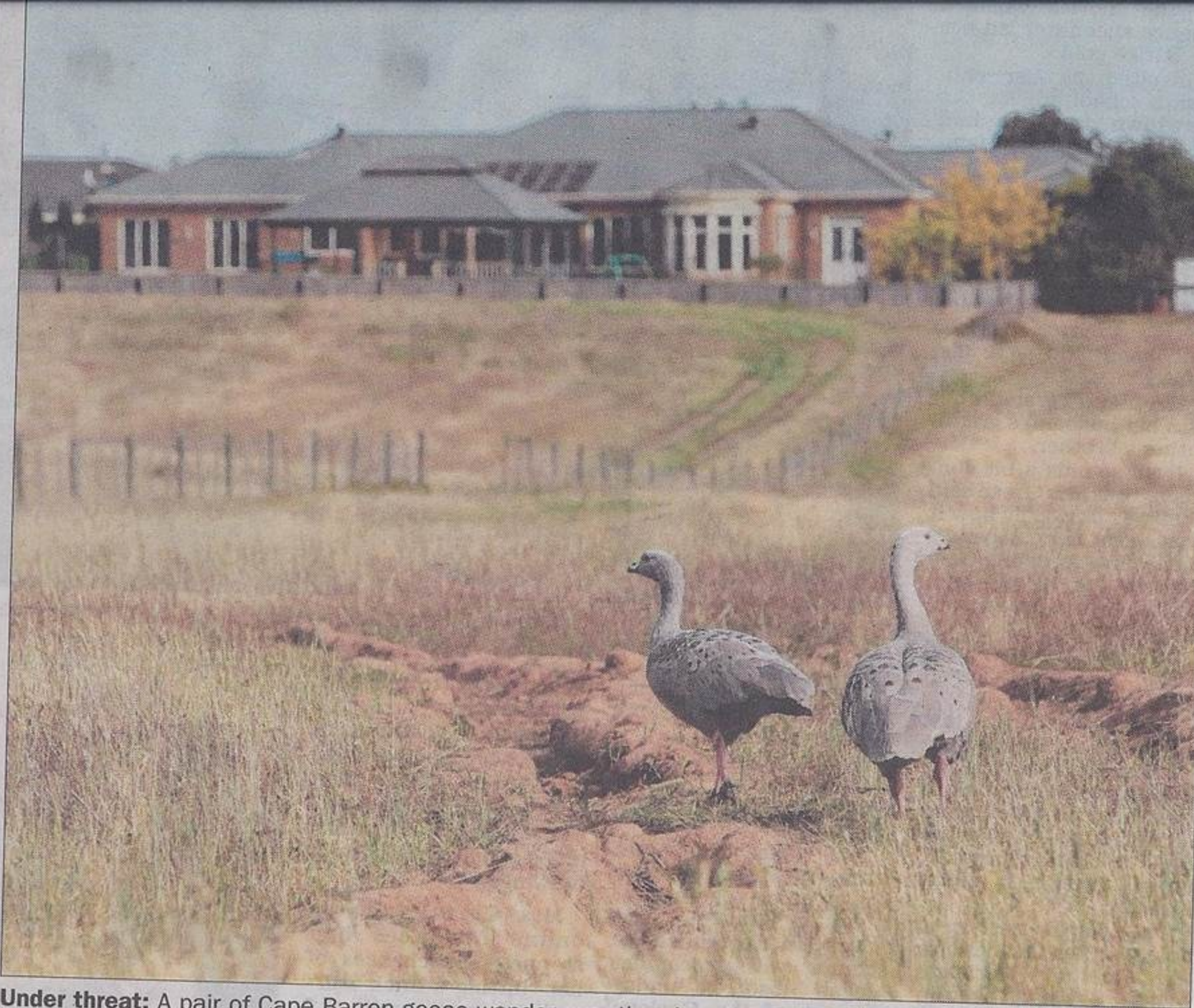
Under threat: A pair of Cape Barren geese wander over the site of the proposed 380-house development at Lara this week.

"Lara likes to be Lara. It doesn't want to be part of Corio. It doesn't want to be part of Werribee."
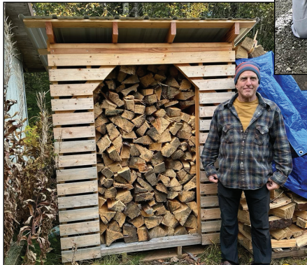
Haines Presbyterian Church / Haines Ministerial Association

# # #

Directions: Exactly as they stand, write the lines from the one holding "likes to be" to the end of the material, both ends included. Do not copy the pictures.

Solution for this exercise:
"Lara likes to be Lara. It doesn't want to be part of Corio. It doesn't want to be part of Werribee."
Haines Presbyterian Church / Haines Ministerial Association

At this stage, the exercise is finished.